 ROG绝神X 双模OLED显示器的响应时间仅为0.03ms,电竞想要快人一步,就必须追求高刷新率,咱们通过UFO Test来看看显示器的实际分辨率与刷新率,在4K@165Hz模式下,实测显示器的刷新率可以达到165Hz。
...
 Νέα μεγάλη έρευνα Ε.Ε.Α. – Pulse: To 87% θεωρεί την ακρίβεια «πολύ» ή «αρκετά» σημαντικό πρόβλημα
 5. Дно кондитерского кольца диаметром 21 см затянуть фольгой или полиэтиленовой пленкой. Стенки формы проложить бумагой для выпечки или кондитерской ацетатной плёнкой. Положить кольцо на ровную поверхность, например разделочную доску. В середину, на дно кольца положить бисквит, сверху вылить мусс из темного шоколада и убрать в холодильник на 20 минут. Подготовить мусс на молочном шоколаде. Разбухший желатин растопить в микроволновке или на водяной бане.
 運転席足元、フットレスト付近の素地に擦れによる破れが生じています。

-- Your assignment --
Please transcribe exactly the lines above from the line that has "5. Дно кондитерского" up to and including the line that has "運転席足元、フットレスト付近の素地に擦れによる破れが生じています。"; no other line belongs in the answer.

-- Solution to this exercise --
 5. Дно кондитерского кольца диаметром 21 см затянуть фольгой или полиэтиленовой пленкой. Стенки формы проложить бумагой для выпечки или кондитерской ацетатной плёнкой. Положить кольцо на ровную поверхность, например разделочную доску. В середину, на дно кольца положить бисквит, сверху вылить мусс из темного шоколада и убрать в холодильник на 20 минут. Подготовить мусс на молочном шоколаде. Разбухший желатин растопить в микроволновке или на водяной бане.
 運転席足元、フットレスト付近の素地に擦れによる破れが生じています。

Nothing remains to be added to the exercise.